For, after all, in spite of the thousands of books that have been written since the world began, there are only a certain number of stories which great writers have told again and again in varying ways. One instance of this we saw when in the beginning of this book we followed the story of Arthur.
But although Shakespeare borrowed his plots from others, when he had borrowed them he made them all his own. He made his people so vivid and so true that he makes us forget that they are not real people. We can hardly realize that they never lived, that they never walked and talked, and cried and laughed, loved and hated, in this world just as we do. And this is so because the stage to him is life and life a stage. "All the world's a stage," he says,
"And all the men and women merely players:
They have their exits and their entrances:
And one man in his time plays many parts,
His acts being seven ages."*
*As You Like It.
And again he tells us:
"Life's but a walking shadow; a poor player,
That struts and frets his hour upon the stage
And then is heard no more."*
*Macbeth.
It is from Shakespeare's works that we get the clearest picture of Elizabethan times. And yet, although we learn from him so much of what people did in those days, of how they talked and even of how they thought, the chief thing that we feel about Shakespeare's characters is, not that they are Elizabethan, but that they are human, that they are like ourselves, that they think, and say, and do, things which we ourselves might think, and say, and do.

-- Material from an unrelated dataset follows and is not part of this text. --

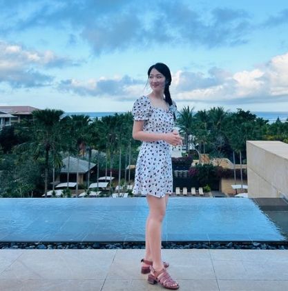미니 원피스를 입은 김혜윤은 쭉 뻗은 각선미를 자랑하며 청순한 분위기를 발산하고 있다. 그녀의 미모는 마치 물 위에 떠 있는 꽃처럼 아름답다.

There are many books we read which we think of as very pretty, very quaint, very interesting—but old-fashioned. But Shakespeare can never be old-fashioned, because, although he is the outcome of his own times, and gives us all the flavor of his own times, he gives us much more. He understood human nature, he saw beneath the outward dress, and painted for us real men and women. And although fashion in dress and modes of living may change, human nature does not change. "He was not of an age but for all time," it was said of him about seven years after his death, and now that nearly three hundred years have come and gone we still acknowledge the truth of those words.
Shakespeare's men and women speak and act and feel in the main as we might now. Many of his people we feel are our brothers and sisters. And to this human interest he adds something more, for he leads us too through "unpathed waters" to "the undreamed shores" of fairyland.